A program of latrine construction, health education, and twice-annual anthelmintics decreased the prevalence of ascariasis in Korea from 80% in 1949 to 55% by 1971. After a 4-year educational campaign and latrine construction program in northern Bangladesh, 36% of children aged 5 to 13 remained infected. Rates of infection were lower among children who used latrines and who had been educated concerning the risks of ascariasis. [60]  As rates of ascariasis lessen, specific infected families should be targeted.

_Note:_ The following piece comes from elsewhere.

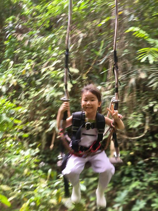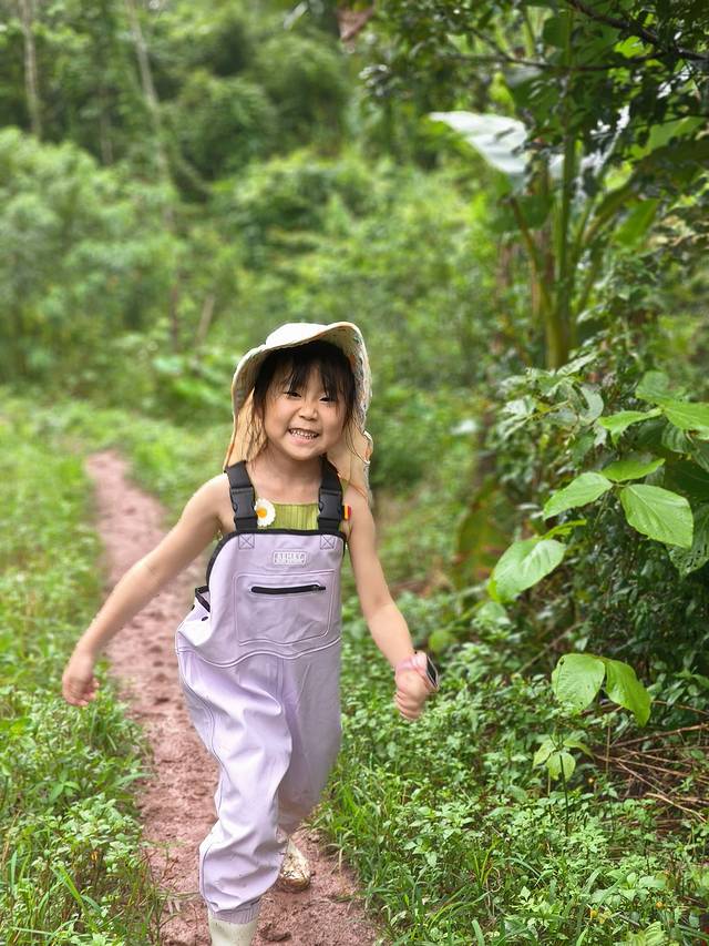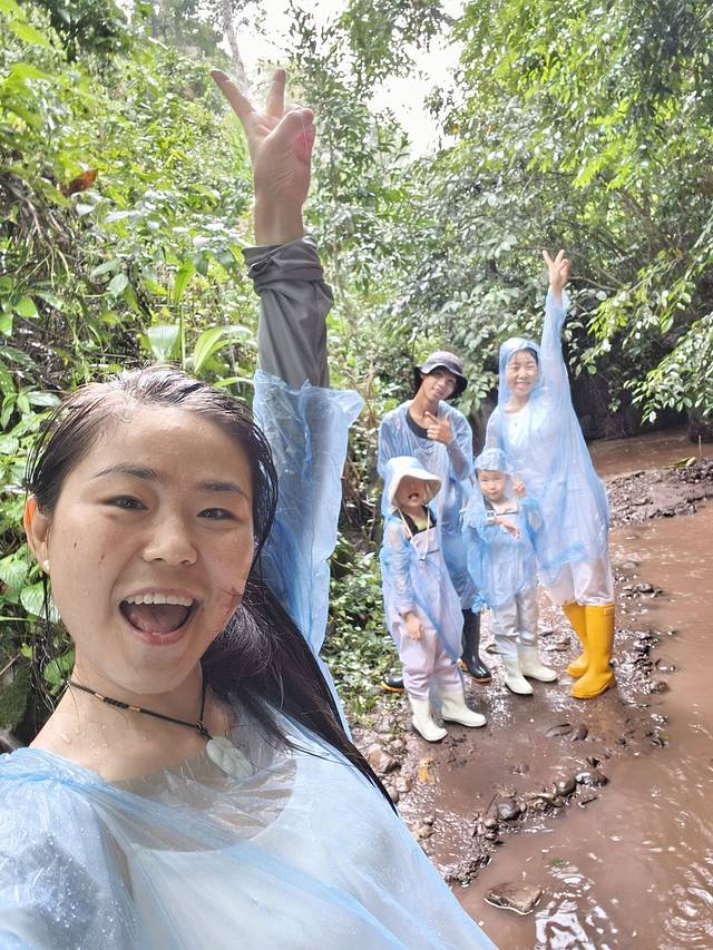 今天的项目是本次旅行的重头戏,也是我们最期待的环节—基诺山雨林徒步,穿梭在云南的雨林,会看到北方见不到的神奇动植物,提前买好的雨鞋和涉水服也在这个时候派上用场,提前在携程定好行程,前一天晚上会有司机联系第二天什么时候出发,我们报的2大2小四人团,时间相对来说自由一些,因为我们带着孩子,所以推迟到10点出发,一大早在酒店吃完早餐,司机就准备在酒店门口接我们,路上大概需要1个小时的样子,我们比别人晚出发大概一个小时,路上基本没什么车,我心里一度非常忐忑,因为这个地方离缅甸很近,这个司机带着我们走在泥泞的小路上,往山里开去,前后都没有其他车辆,脑海里不停的浮现有人被拐到缅甸的新闻画面,就是穿过这种树林,正在我胡思乱想之际,我们就来到了基诺山脚下,到达目的地才发现游客其实挺多的,有好几队人跟我们一起进入基诺山,给我们带队的是一个小哥哥,刚好20岁,一路上给我详细讲解了基诺山的植物,仿佛打开了现实版植物百科全书,我们大人和小孩都玩的很开心,但是天公不作美,途中遇到大雨,山里没有避雨的地方,再加上雨下的太大容易发生山洪,不得不冒雨前进,就错过了很多有趣的事情,留下了一点小小的遗憾。

A recent systematic review and meta-analysis of preventive water and sanitation measures concluded that the risk of ascariasis was lowered 60% by piped water, 38% by access to sanitarian latrines, and 62% by handwashing before eating and 55% after defecating. [61]  Each, in combination with the use of soap, has the potential for significant control, especially if applied in schools together with thrice yearly deworming. [62]

Current ascariasis treatment strategies recommend repeated mass treatment of communities to reduce intensity of worm burden until socioeconomic progress allows improved sanitation. Although such targeted therapy programs may control the morbidity of ascariasis by decreasing the number of worms per patient, they do not seem to decrease transmission rates. The ascariasis reinfection rate after a single community campaign in South Africa was 40% at 29 weeks. Children have been targeted in school campaigns, but continued worm burden and shedding by adults have blunted impact, especially if campaigns are less than thrice yearly. A 6-month educational program directed at behavioral remediation of school children and their parents in Java has shown promise when combined with a deworming campaign.

A 2012 Cochrane review [63]  was rather discouraging in its assessment of the benefit of community deworming programs, suggesting only the possibility of slight benefit in weight gain and hemoglobin, but not cognitive improvement as measured by school attendance and performance.

Avoiding pigs and pig manure prevents A suum infection in developed countries.

Work continues on a vaccine. A recombinant, nasally administered 16-kd secretory protein, As16, was shown to result in a 56% decrease in worm burden in mice challenged with A suum larvae. [64]  The Sabin Vaccine Institute is developing a "Pan-anthelminthic" vaccine against hookworm, trichuriasis, and ascariasis using at least two of six candidate A suum antigens. It appears that at least 5 years will be required to field such a candidate vaccine. [65]


Long-Term Monitoring


 Routine repeat stool testing is not essential due to the high cure rate with anthelminthic therapy, however, in endemic areas, repeat stool testing may be done 2 to 3 months after treatment to ensure resolution of infection. Detection of eggs at follow-up stool examination suggests inadequate elimination of adult worms or reinfection. In such cases, retreatment with the same regimen is warranted. It takes about 10 days for the complete expulsion of adult Ascaris worms after albendazole treatment; therefore, it is pertinent to  wait at least 2 weeks after treatment before performing follow-up egg count or stool testing. In endemic areas or case clusters with persistent or repeated infections despite prior therapy it is important to test all family members and concurrent treatment  with albendazole or mebendazole. Reinfection occurs frequently in these cases, sometimes more than 80 percent of individuals become reinfected within 6 months. Intermittent mass drug therapy for such circumstances is discussed separately. [66]



Patients with ascariasis who have partial or complete obstruction should be treated at facilities with surgical support.